Stewart-Cousins and Assembly Speaker Carl Heastie issued a statement when a housing deal was abandoned that didn’t even acknowledge the possibility of an override on the subject: “It takes all three parties — the Senate, the Assembly and the governor — in order to enact legislation into law,” they said.

Some groups, however, urged lawmakers to pass their own housing plan and force Hochul to either sign it or veto it.

“The supermajority in the Legislature had an opportunity to respond to this moment of crisis by daring the governor to veto a bill,” Housing Justice for All’s campaign coordinator Cea Weaver said in a statement. “While Governor Hochul did everything she could to kill Good Cause over the past year, the choice to bend to her — and the real estate industry — ultimately lies with Carl Heastie and Andrea Stewart-Cousins. Legislative leadership blinked and folded.”

But for most of the vetoed bills, the reason there have not been any override attempts is simply due to the fact that they’re not consequential enough to warrant going to war with a governor.

There might have been unanimous support for proposals like a 2021 bill that would have let West Islip’s school district retroactively fix a paperwork problem with an old bus contract, or one from 2022 to conduct a study on the adequacy of fire services in Caumsett State Park. But for most legislators, these aren’t worth soured relationships.

“It is a complicated set of factors that go into determining the relationship with the executive and when to exercise which powers that we have,” Gianaris said.

“This Senate majority has shown we know exactly how to do it and when to do it, the chief judge battle being the most notable example. We know how to use our leverage when we have it, and at this point, that particular arrow in our quiver has not had to be shot. But one day it might.”

Neither chamber has taken a veto override vote since 2018.

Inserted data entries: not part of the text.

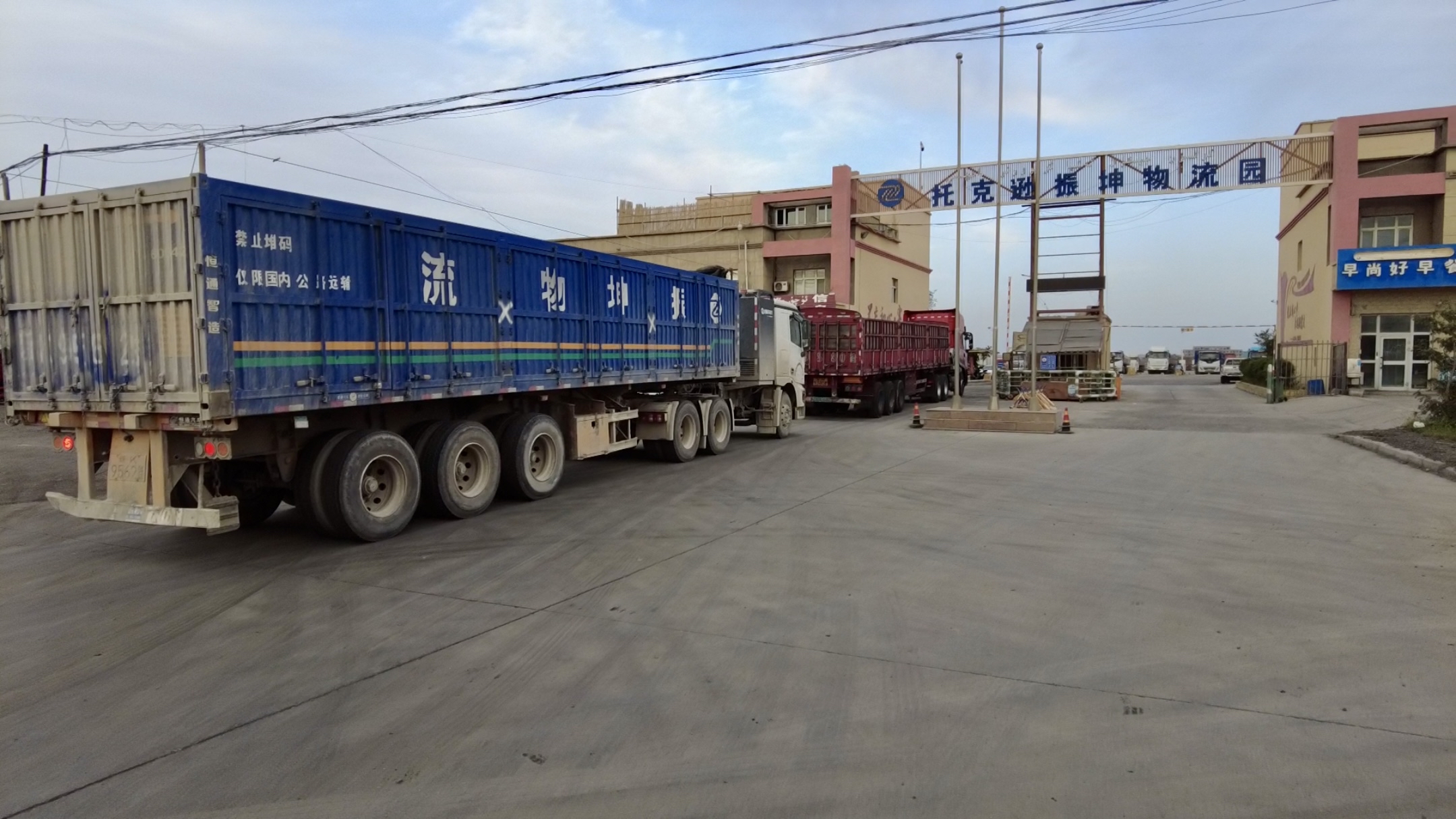 振坤物流公司物流园区运输车辆有序出入。吐鲁番市融媒体中心记者 买迪努尔 摄
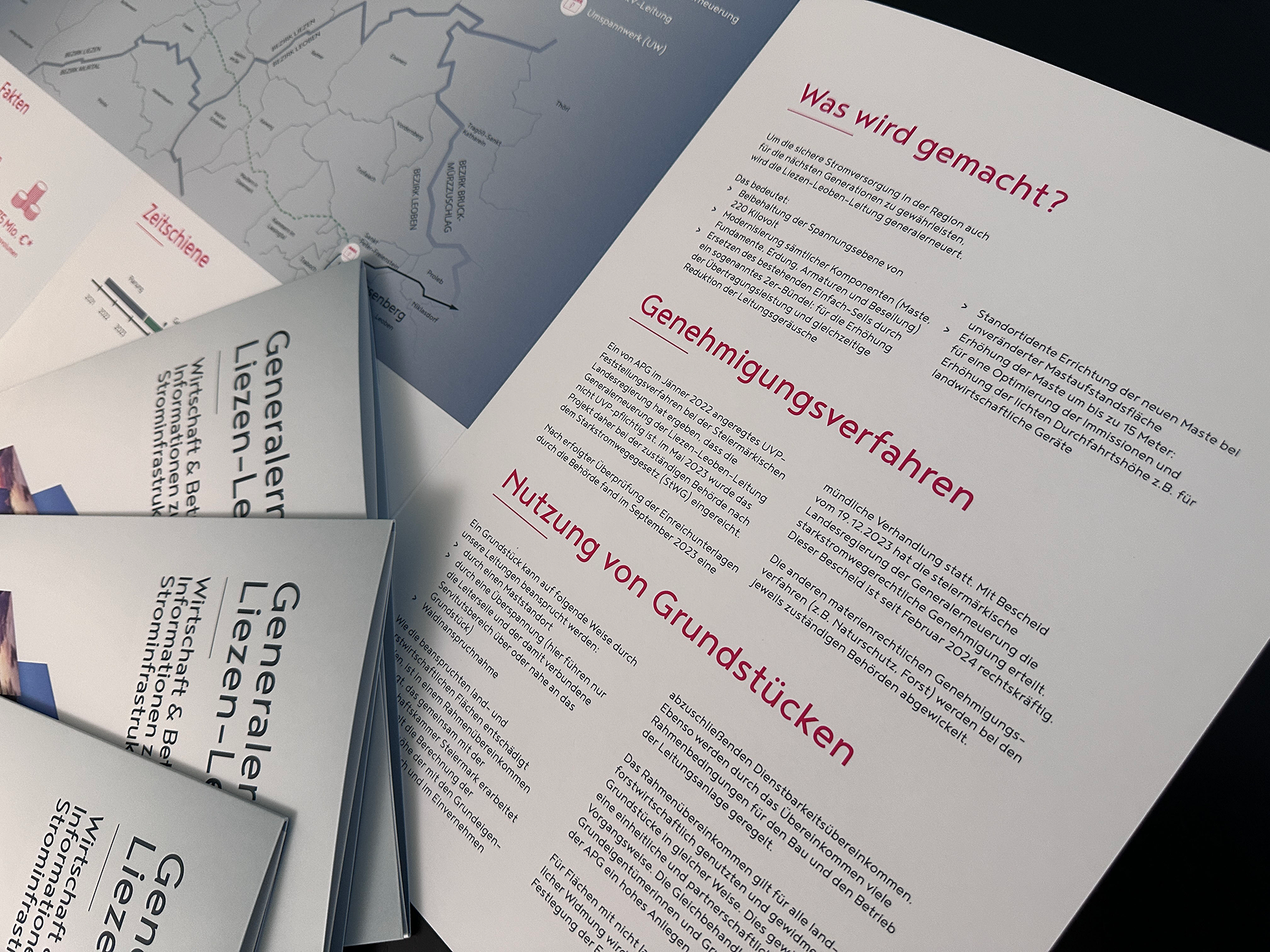 Unsere Aufgabe bestand darin, diese technische, wirtschaftliche und gesellschaftliche Bedeutung klar und verständlich zu kommunizieren. Die Mappe richtet sich an Wirtschaft, Betriebe und die Bevölkerung und vermittelt komplexe Inhalte strukturiert, transparent und visuell hochwertig. Kartenmaterial, Bildwelten und Infografiken wurden so aufbereitet, dass sie Orientierung geben und Vertrauen schaffen.
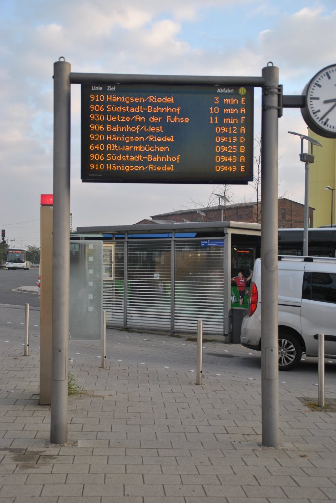 Abfahrtanzeiger in Bugdorf/ZOB. Foto vom 14.10.2010.

And that wasn’t a real two-house attempt: The Republicans who controlled the Senate at the time brought up a vetoed Democratic bill in an attempt to throw Hochul, then the lieutenant governor, for a loop when she was presiding over the chamber while members were bickering over an abortion measure.

The last serious attempt at an override came when lawmakers failed to override then-Gov. David Paterson’s veto of a 2010 ethics bill.

Legislative leaders flexed their influence in 2006 when they overrode more than 200 of then-Gov. George Pataki’s budget vetoes on subjects such as child tax credits and a decade earlier on pay for NYPD officers.

Outside of Pataki’s tenure, the only successful override in Albany since the current rules were established in 1873 was on a 1976 bill on school aid authored by then-Assemblymember Leonard Stavisky, whose wife, Toby Ann, is now a long-time state senator.